##### LISTED ENTRIES
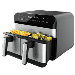 Freidora de aire digital de 9 L de capacidad y 2800 W de potencia, acabados con acero inoxidable y con dos cestillos con temperatura dual
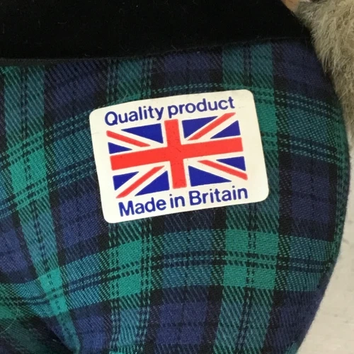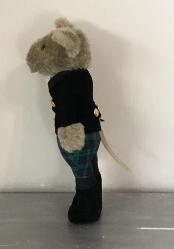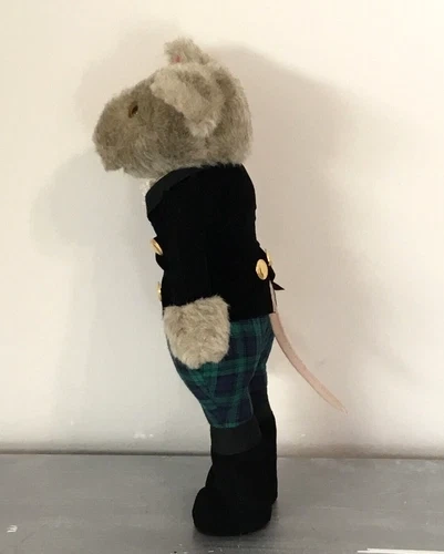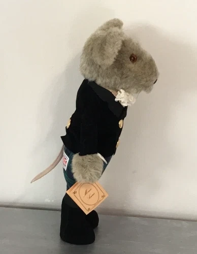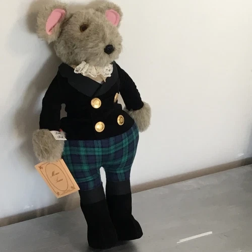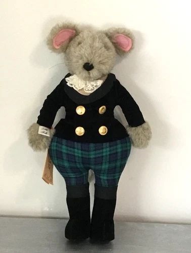 This collectible "Mouse Louis" plush by Little Folk is a charming representation of Victorian and Edwardian fashion. At approximately 14 inches tall, it stands in a distinguished Victorian Edwardian-inspired outfit. Louis wears a black double-breasted jacket with gold buttons, lace collar, plaid trousers, and black boots. The plush is in good condition with its original tag still attached, making it an ideal addition for collectors of vintage plush toys or fans of historical-themed decor.
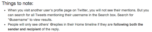 If you don’t believe me visit the official Twitter Help Center article “What are @Replies and Mentions?”, which clearly states “People will only see others’ @replies in their Home timeline if they are following both the sender and recipient of the reply” (bold in original).
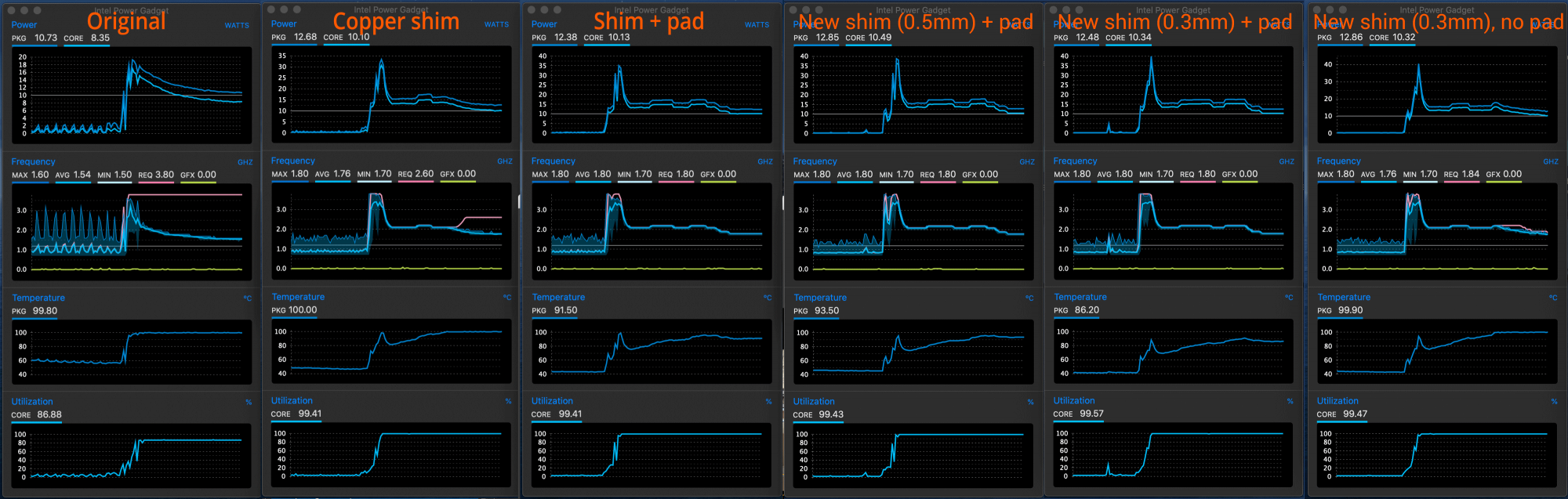 As you can see, 0.5mm shim performs slightly worse than 0.3mm, but all in all the difference in negligible. I do like that the top multi-core result is the whopping
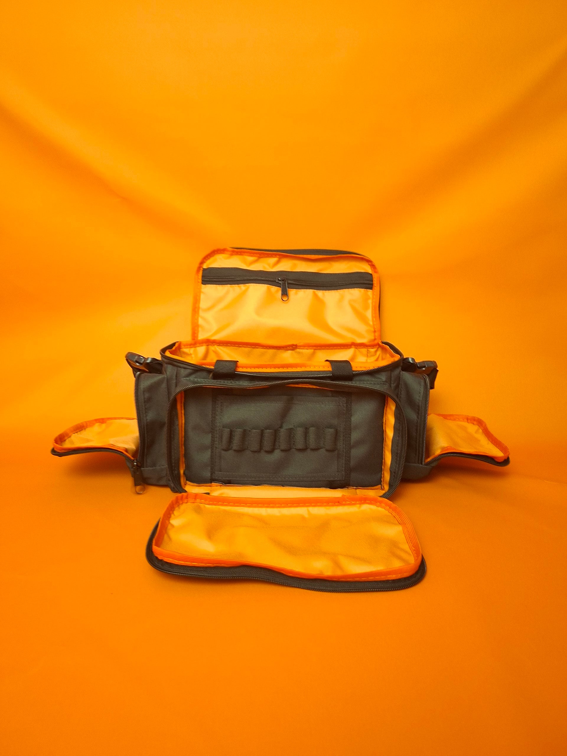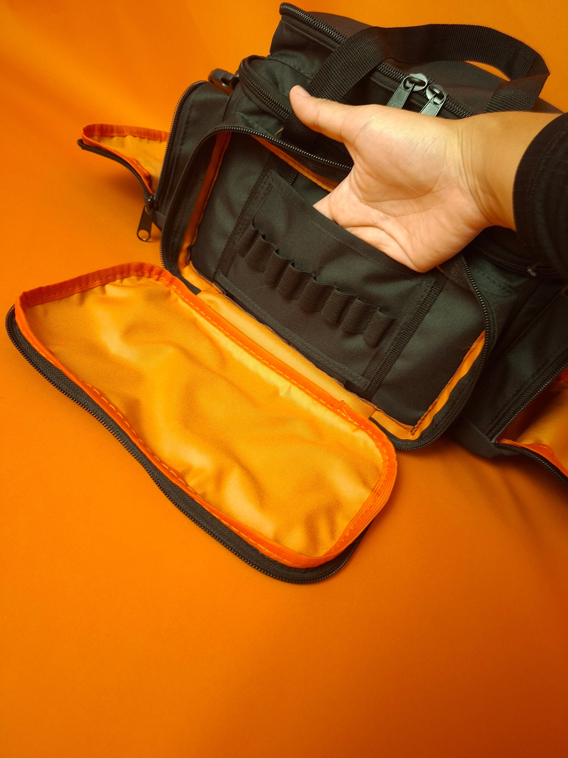 - 01 Bolso superior da tampa transparente com faixa refletiva. - - Forro interno na cor laranja (padrão)
##########
> _ASSIGNMENT_
An exact copy of the entries above is required; pictures are not part of it.

> _ANSWER SECTION_
 Freidora de aire digital de 9 L de capacidad y 2800 W de potencia, acabados con acero inoxidable y con dos cestillos con temperatura dual
 This collectible "Mouse Louis" plush by Little Folk is a charming representation of Victorian and Edwardian fashion. At approximately 14 inches tall, it stands in a distinguished Victorian Edwardian-inspired outfit. Louis wears a black double-breasted jacket with gold buttons, lace collar, plaid trousers, and black boots. The plush is in good condition with its original tag still attached, making it an ideal addition for collectors of vintage plush toys or fans of historical-themed decor.
 If you don’t believe me visit the official Twitter Help Center article “What are @Replies and Mentions?”, which clearly states “People will only see others’ @replies in their Home timeline if they are following both the sender and recipient of the reply” (bold in original).
 As you can see, 0.5mm shim performs slightly worse than 0.3mm, but all in all the difference in negligible. I do like that the top multi-core result is the whopping
 - 01 Bolso superior da tampa transparente com faixa refletiva. - - Forro interno na cor laranja (padrão)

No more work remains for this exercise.